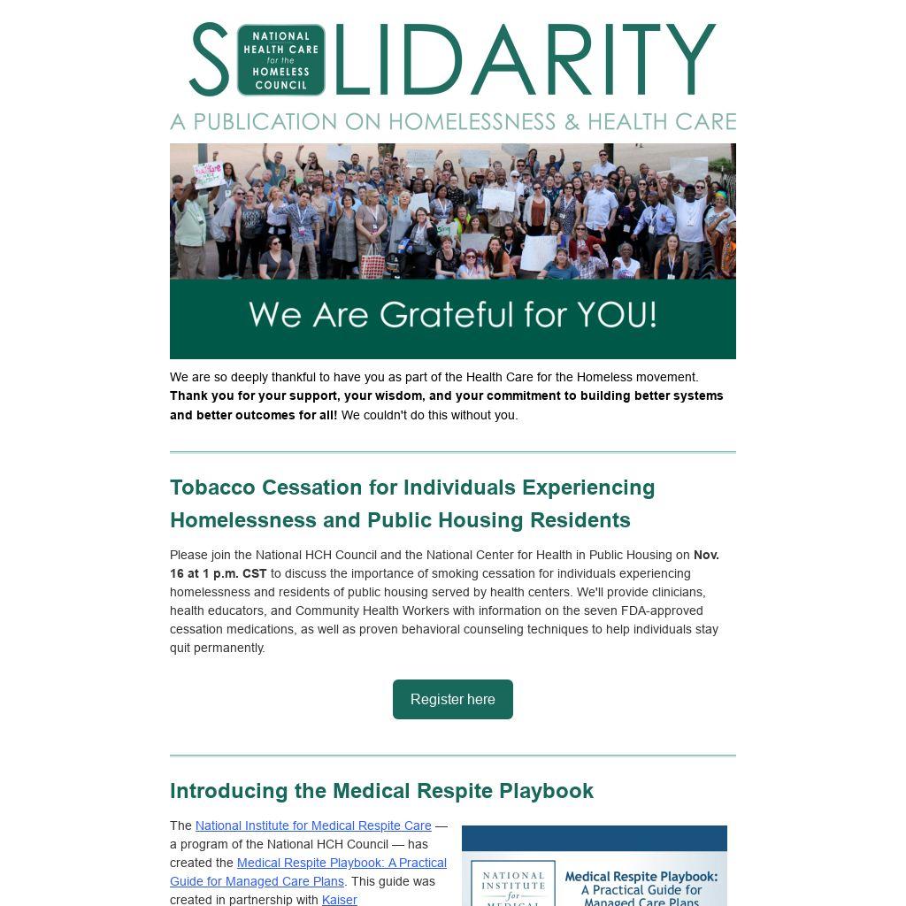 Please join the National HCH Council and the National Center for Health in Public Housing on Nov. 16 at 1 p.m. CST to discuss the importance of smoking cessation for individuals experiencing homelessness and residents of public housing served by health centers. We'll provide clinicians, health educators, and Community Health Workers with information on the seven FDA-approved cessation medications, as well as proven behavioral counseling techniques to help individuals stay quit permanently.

+===+

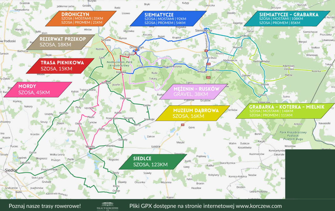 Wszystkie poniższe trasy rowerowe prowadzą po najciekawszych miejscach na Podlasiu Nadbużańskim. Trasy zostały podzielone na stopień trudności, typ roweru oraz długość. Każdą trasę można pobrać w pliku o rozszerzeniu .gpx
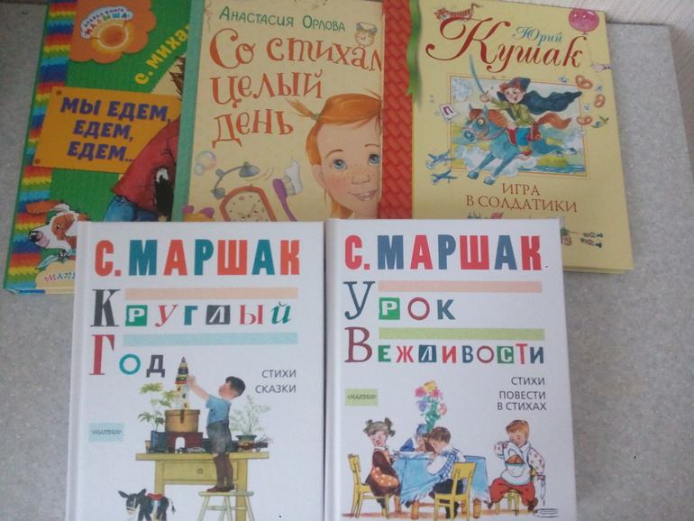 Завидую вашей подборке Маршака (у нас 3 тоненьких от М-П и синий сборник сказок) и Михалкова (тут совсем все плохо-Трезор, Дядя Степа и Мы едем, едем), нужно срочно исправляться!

+===+

What you return must match, character for character, the lines above from the one with "Wszystkie poniższe trasy" through the one with "Завидую вашей подборке", minus any pictures.

RESULT OF THE EXERCISE:
 Wszystkie poniższe trasy rowerowe prowadzą po najciekawszych miejscach na Podlasiu Nadbużańskim. Trasy zostały podzielone na stopień trudności, typ roweru oraz długość. Każdą trasę można pobrać w pliku o rozszerzeniu .gpx
 Завидую вашей подборке Маршака (у нас 3 тоненьких от М-П и синий сборник сказок) и Михалкова (тут совсем все плохо-Трезор, Дядя Степа и Мы едем, едем), нужно срочно исправляться!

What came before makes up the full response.